In previous posts we saw how to run the DBSCAN spatial clustering algorithm over a set of spatial data points: in our example, all block centroids in California. We also saw how to make it run really quickly. In this post we’ll investigate a way to turn those clusters into polygons. These polygons will represent our clusters in an approximate way, but will be fast to display and provide a visually compelling way to appraise the clusters we’ve created.
One way to get a polygon from a set of points is to form the Convex Hull. However, for our clusters, convex hulls, though easily generated using OGR’s ConvexHull() on a MultiPoint object, do not look so great – they cover over large swathes of what we’d intuitively think of as the “shape” describing the points.

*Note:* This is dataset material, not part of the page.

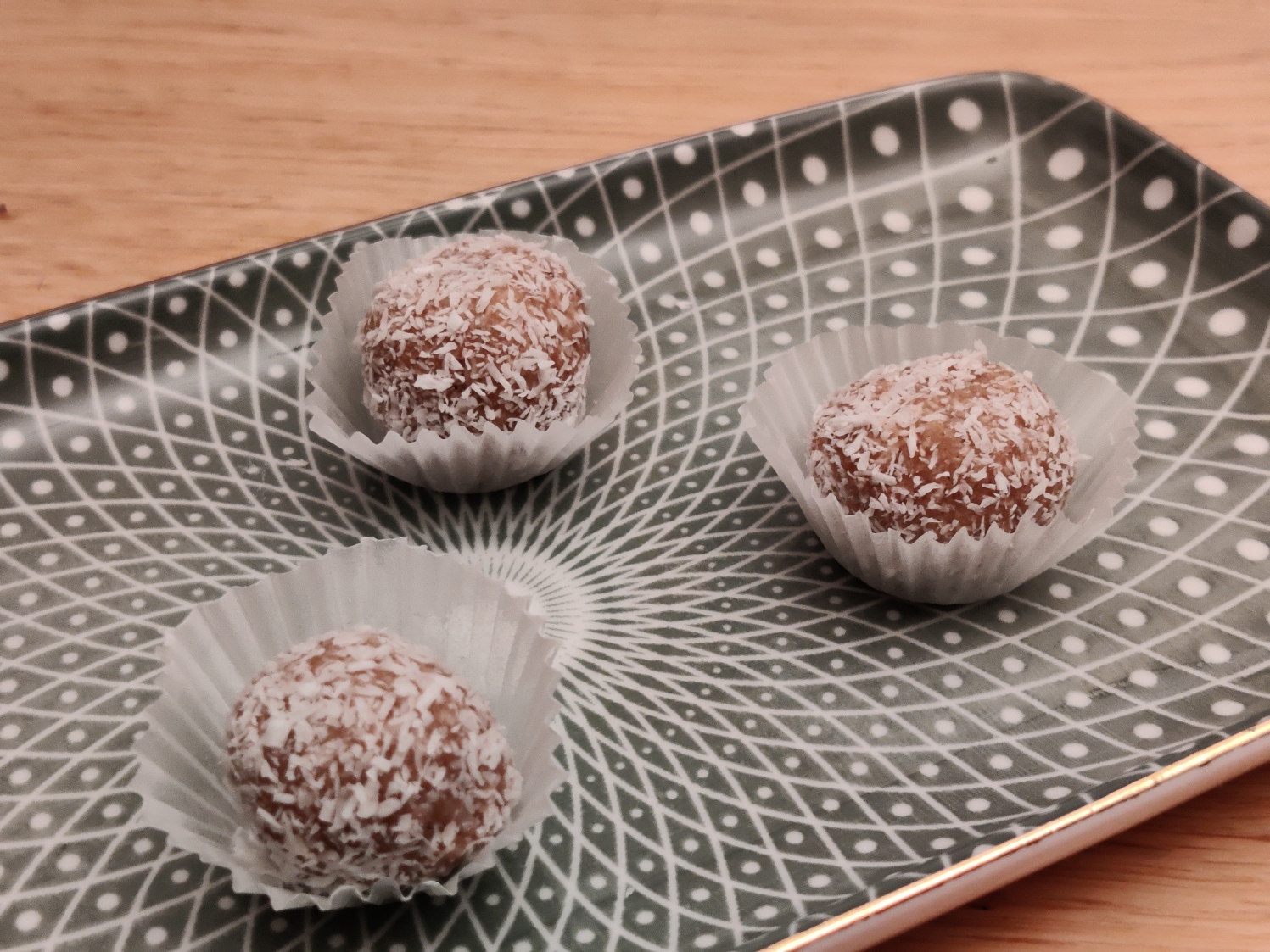 Butter und Zucker schaumig rühren dann die restlichen Zutaten einarbeiten und etwa eine Stunde Kühl Lagern. Anschließend kleine Kuglen formen, in Kokosflocken wenden und gut verschlossen an einem Kühlen Ort Lagern.
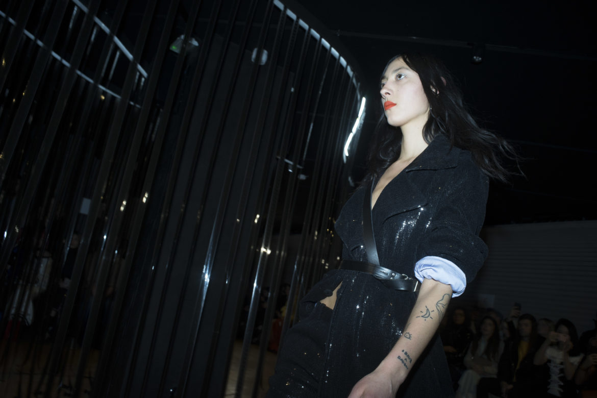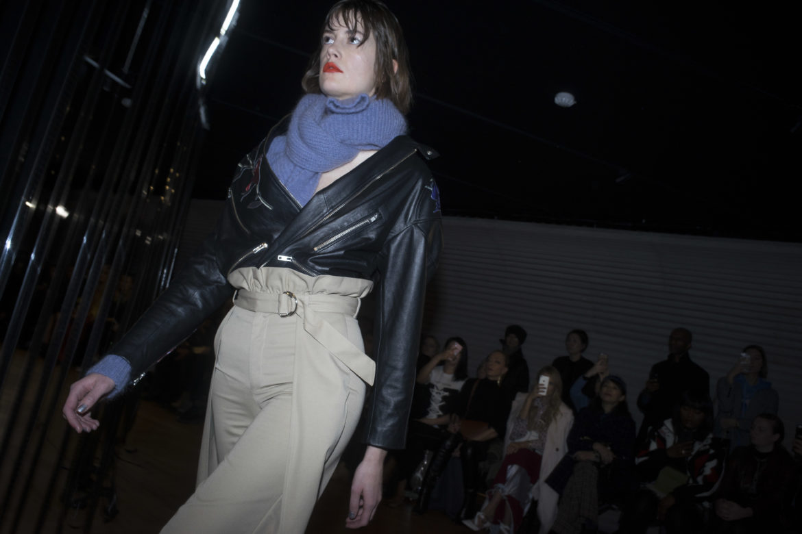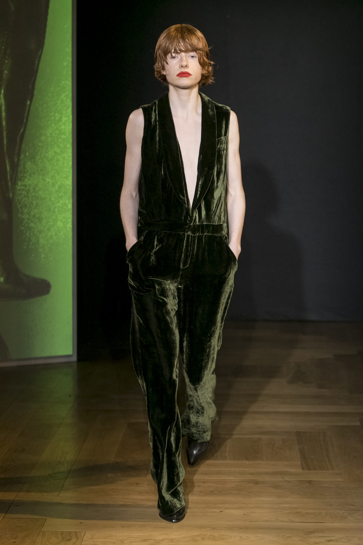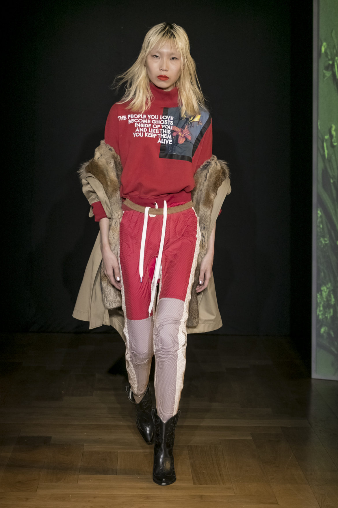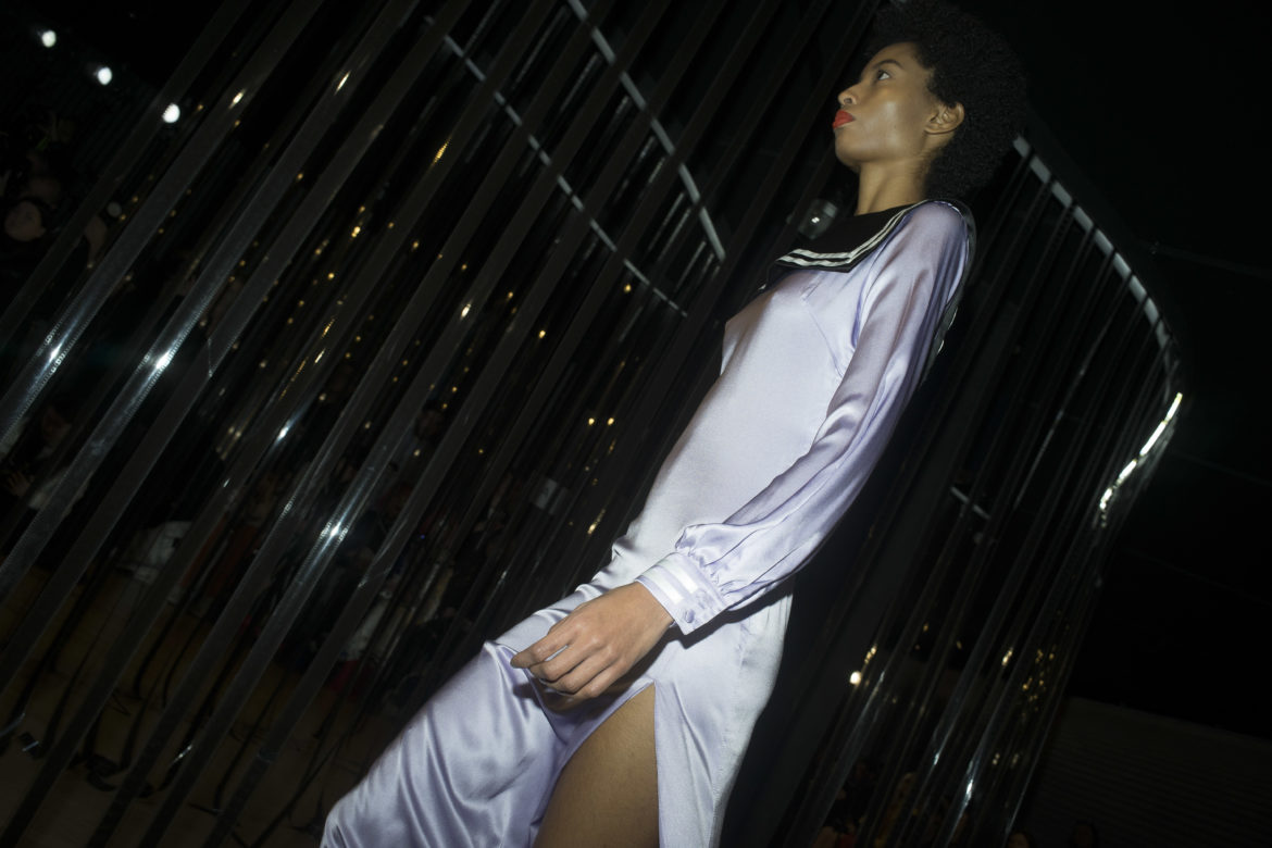 It is a simultaneously tough and tender collection: leather jackets are offset with silk dresses, and graphic jerseys with blouses. Military and Sailor uniforms are reinvented: materials are fused with dip-dye nishing and Each x Other code poetry by the brand’s in-house poet Robert Montgomery. Montgomery’s poems “SLAVE TO LOVE” and Each x Other’s core brand slogan “SAFE AND WARM HERE IN THE FIRE OF EACH OTHER” are embroidered onto the fabrics.

An example from a real cluster produced by DBSCAN is shown below:

In this example, the light green coloured cluster would be badly represented by a convex hull (which is shown in pink):

Another example can be found in Part 1 of this blog series, for the largest cluster in the picture.
Unfortunately there’s no unambiguous way to wrap a set of points in a non-convex polygon (that is, there’s no such thing as a “bounding polygon” – think about it…). However, we can use something called Alpha Shapes, which have a parameter (alpha) which describes “how concave” we’d like our shape to go (intuitively, how tightly to “shrink wrap” our points). Good descriptions of Alpha Shapes are provided here, here and here, and in the context of spatial data, here.
For the above example, with a suitably chosen alpha (in this case, 2500), the alpha shape looks like the following:

There’s not a lot of Alpha Shape C++ code around and it’s not something you’d probably want to code up yourself unless you’re very interested in computational geometry and have lots of spare time. One source is Ken Clarkson’s code. This is old-style C code which I initially made the mistake of trying to integrate into my own code as a library, eschewing its command line interface. Unfortunately this meant making the code (which is full of global variables) re-entrant; it turns out the code contains subtle crashes and can generate unexpected results if repeatedly run over many inputs. So keeping it as a “black box” and calling it as an exe from my own code seems like the only option – however it does work well in that way, though it is somewhat slower as it has to invoke an exe for every polygon to be created.
Another shortcoming of this particular code is that the alpha shapes produced do not include any “holes”.
For my alpha I’ve chosen 2500, and I’ve also used a multiplier in the command line to reduce the risk of numerical instability with points that are very close to each other (latitude/longitude coordinates going down to 6 or more decimal places).
Another minor issue to note is that when your data includes more than one data item “stacked” at the same spatial point (for example if the data has several points representing the distinct addresses within an apartment building or suchlike), then in the worst case if such stacked points are isolated, you can end up with a cluster that only occupies a single point and hence doesn’t get processed as a polygon.
For very large clusters (bigger than say, 40000 or so) one could potentially also reduce the time for the Alpha Shape calculation by putting a grid over the points and taking only a sample of points in each grid cell.
In the next post we’ll see the results of running the Alpha Shapes code on our clusters. For now, here is the code that calls the Clarkson executable. Note that it contains a Windows-centric function which is not cross-platform, RunExeFromCommandLine.
#include
#include
#include
#include
#include
#include // for SHELLEXECUTEINFO etc
#include "node.h"
using namespace std;
bool RunExeWithCommandLine(wstring wstrExelocation, wstring wstrCommand)
{
SHELLEXECUTEINFO lpExecInfo;
lpExecInfo.cbSize = sizeof(SHELLEXECUTEINFO);
lpExecInfo.lpFile = wstrExelocation.c_str();
lpExecInfo.fMask = SEE_MASK_DOENVSUBST | SEE_MASK_NOCLOSEPROCESS;
lpExecInfo.hwnd = NULL;
lpExecInfo.lpVerb = L”open”;
lpExecInfo.lpParameters = wstrCommand.c_str();
lpExecInfo.lpDirectory = NULL;
lpExecInfo.nShow = SW_SHOWMINNOACTIVE;
lpExecInfo.hInstApp = (HINSTANCE)SE_ERR_DDEFAIL;
BOOL fSuccess = ShellExecuteEx(&lpExecInfo);
if (lpExecInfo.hProcess != NULL)
{
::WaitForSingleObject(lpExecInfo.hProcess, INFINITE);
::CloseHandle(lpExecInfo.hProcess);
}
return fSuccess == TRUE;
}
OGRLinearRing* GetNextRing(vector<pair<int, int> >& rgptsPoly, const vector<Node*>& rgpts, int first, set<int>& new_points)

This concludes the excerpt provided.